Who: Godot and Daedalus Yumeno When: August 10, evening, a few hours before sirens Where: Skye Medical Center Summary: Godot goes to the doctor to see about his "almost dead" problem. Warnings: Nada
Godot had granted Daedalus the courtesy of setting his coffee aside while he ran the physical, and sat with his fingers pressed against the gauze from the blood test.
"My condition... is pretty bad," he said, with a cynical little half-smile on his face as he spoke. "I was poisoned six years ago. Came about as close to dying as a man can without calling the funeral parlor. Hell, I think they had to hang up on the receptionist at the morgue at some point."
He took a deep breath and let it out as a sigh, appearing to gaze vaguely off across the room-- though it was impossible to tell where he was looking anyway. "Every organ that counts is messed up. My nervous system's about as shot as it gets without being a vegetable. I'm blind. And I get to enjoy this little cocktail every day..."
Lowering his hand from the gauze on his arm, he reached for his briefcase and pulled out, among all the legal papers, a leather case almost full of prescription bottles. Anti-seizure medication, steroids, blood stabilizers.
"There's usually more, but I haven't bothered replacing them since I got here."
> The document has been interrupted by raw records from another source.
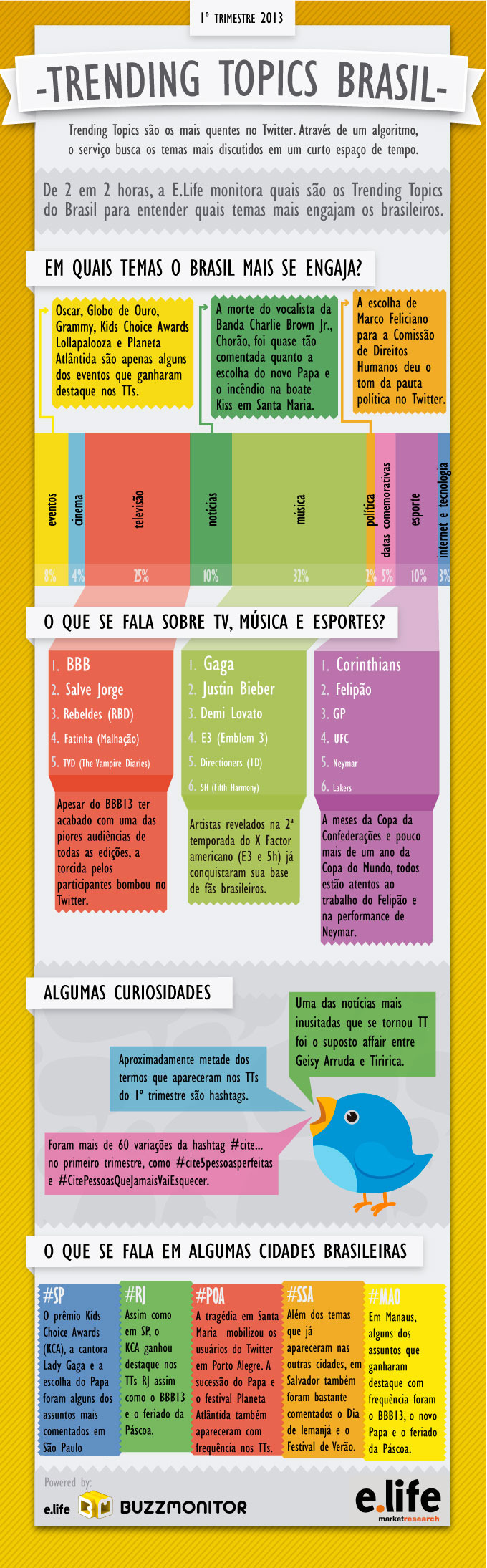 Postado em Monitoramento, Social News Por Thamires OliveiraPostado em 14 de abril de 201318 de março de 2024Marcado Monitoramento Redes Sociais Infográfico: Trending Tropics Brasil 2013 Related posts:Buzz da Copa do Mundo: Neymar, Pedro e Richarlison são os jogadores mais comentados nas redes sociai...Quais temas engajam mais no Dia dos Namorados - veja os posts de 2021 para ajudar sua estratégia em ...Retrospectiva Buzzmonitor 2016: os assuntos mais discutidos do anoTrending Tropics Brasil 2013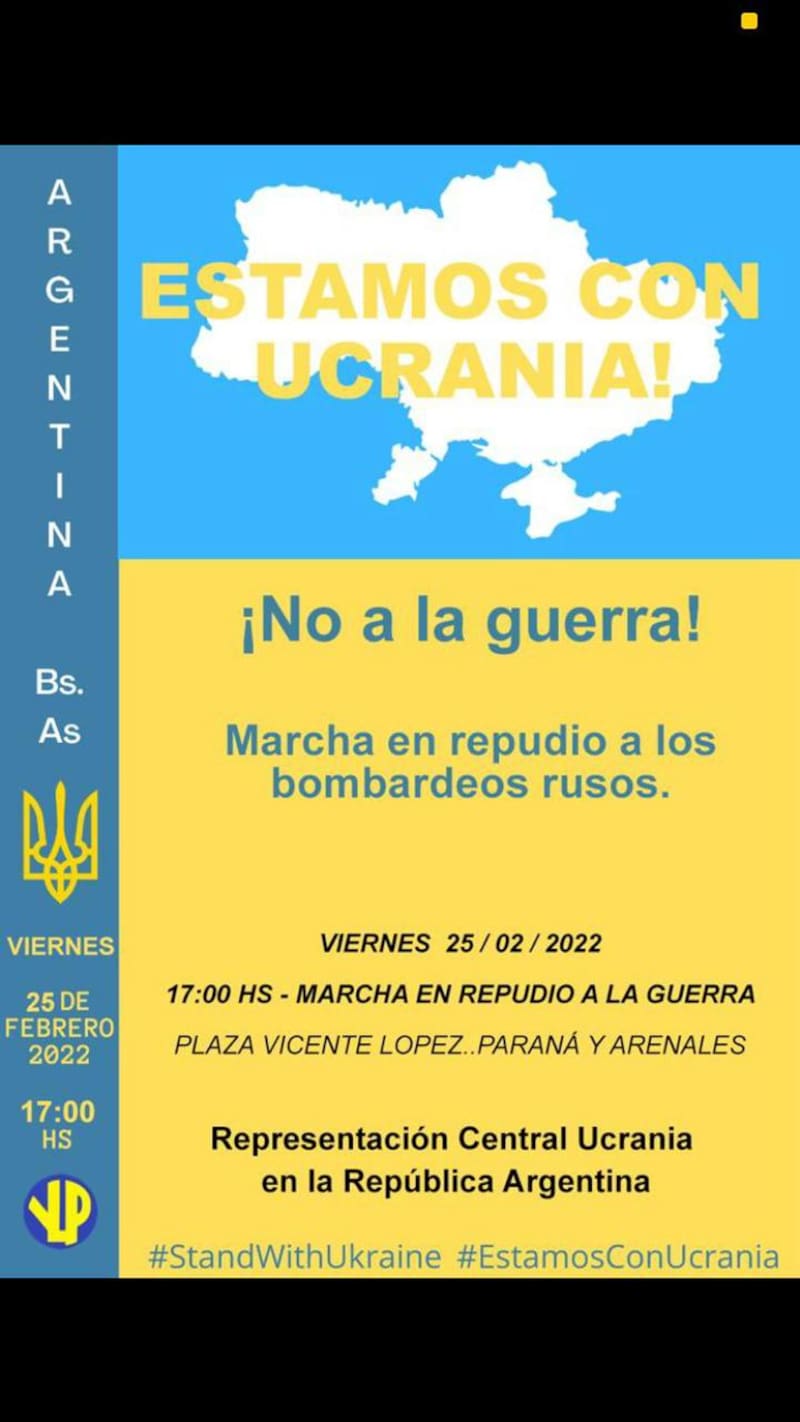 Bajo el lema "Estamos con Ucrania. No a la guerra" la colectividad ucraniana se movilizará esta tarde a las 17 en Buenos Aires, con una convocatoria a la Plaza Vicente López, en Paraná y Arenales, en esta capital.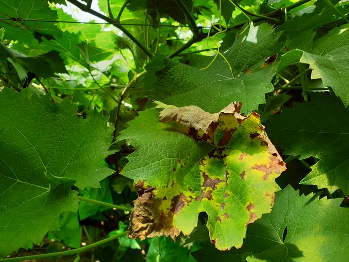 | ▲ 노균병에 감염된 샤인머스켓. (사진=경북도 제공) |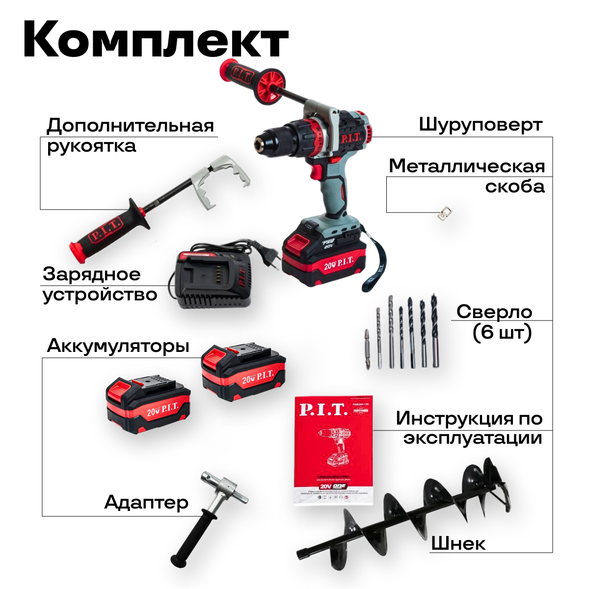 Шуруповерт для зимней рыбалки аккумуляторный бесщеточный PSB20H-13C/1 P.I.T, кейс, З/У, АКБ 4Ач + доп. АКБ 2Ач + адаптер для ледобура + шнек 180 мм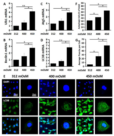 Autophagy begins with activation of Ulk1 in the initiation phase, which stimulates Beclin1 in the nucleation phase to regulate and generate formation of the nascent autophagosome in the elongation phase whereby cytosolic components are enclosed into an isolation membrane. We found that the expression of Ulk1 (Figure 2A) in the initiation phase, Beclin1 (Figure 2B) in the nucleation phase and Atg5 (Figure 2C) and LC3B (Figure 2D) in the elongation phase were all significantly activated in HCECs exposed to hyperosmolar medium at 450 mOsM, as evaluated by RT-qPCR. Ulk1 mRNA expression was stimulated to 1.74 ± 0.49 and 4.21 ± 0.43 fold, Beclin1 mRNA was stimulated to 1.51 ± 0.43 and 2.76 ± 0.32 fold and Atg5 mRNA increased to 1.41 ± 0.30 and 2.65 ± 0.22 fold, respectively, when exposed to 400 and 450 mOsM medium (n = 3, Figure 2A–C).
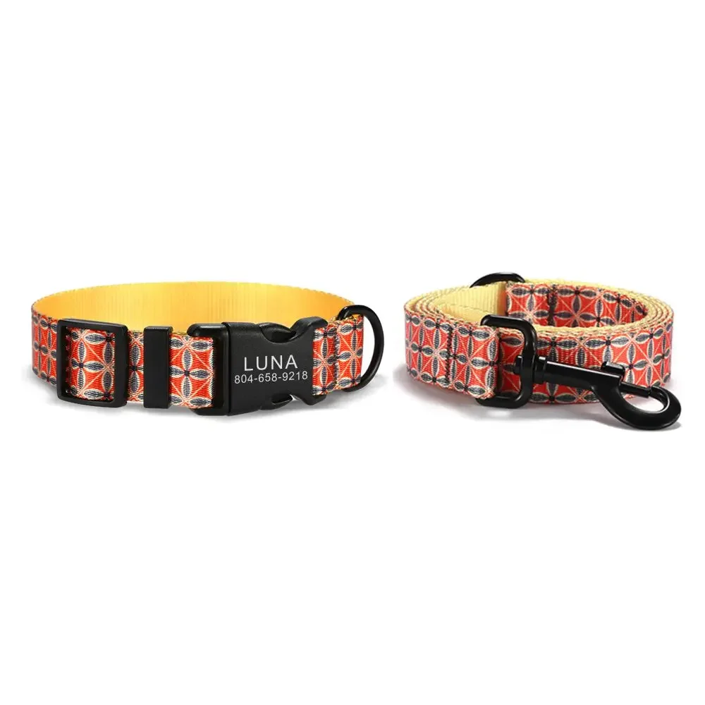 Collar de perro personalizado, correas a juego, nombre de identificación personalizado, hebilla de contactos, collares ajustables con estampado rojo para mascotas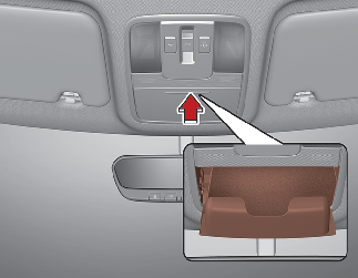 Чтобы открыть держатель для солнцезащитных очков, нажмите на его крышку, и она медленно откроется. Положите солнцезащитные очки стеклами наружу. Чтобы закрыть держатель, нажмите на крышку.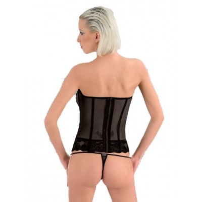 Pregiato coordinato di Eros Veneziani composto da bustino in raso nero semitrasparente, con gioiello centrale. Presenta una splendida lavorazione ricamata sulle coppe del seno e sul bordo. Allacciatura posteriore.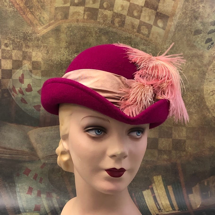 Ahoy, matey! Unleash your inner pirate with this hand-blocked tricorn hat. Crafted from luxurious magenta wool felt and shaped on a vintage wooden block, this hat is a masterpiece of craftsmanship. The dramatic dusty pink silk sash and lightly wired brim add a touch of flair, while the exuberant ostrich feathers complete the swashbuckling look.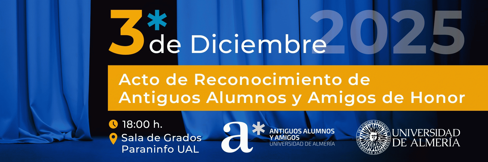 VII Acto de Reconocimiento de Alumni, Entidad amiga y Amigo/a de Honor 2025. 3 de Diciembre de 2025 a las 18:00 horas en el Paraninfo de la Universidad de Almería. El objetivo de este acto es destacar el talento, la trayectoria profesional y el compromiso con la institución de antiguos alumnos, amigos de la universidad o entidades colaboradoras.

"Yes, you did tell me that they snatched you from the jaws of death." A slight smile, just enough to express a quietly sharp bit of cynicism- Godot had a flair for dramatizing the incident, at least, it had been the center of their previous conversations. He suspected it was a wonder the man had any trust for doctors after all.
Every organ that counts...the liver, the heart, the bowels- those would need the routine examinations.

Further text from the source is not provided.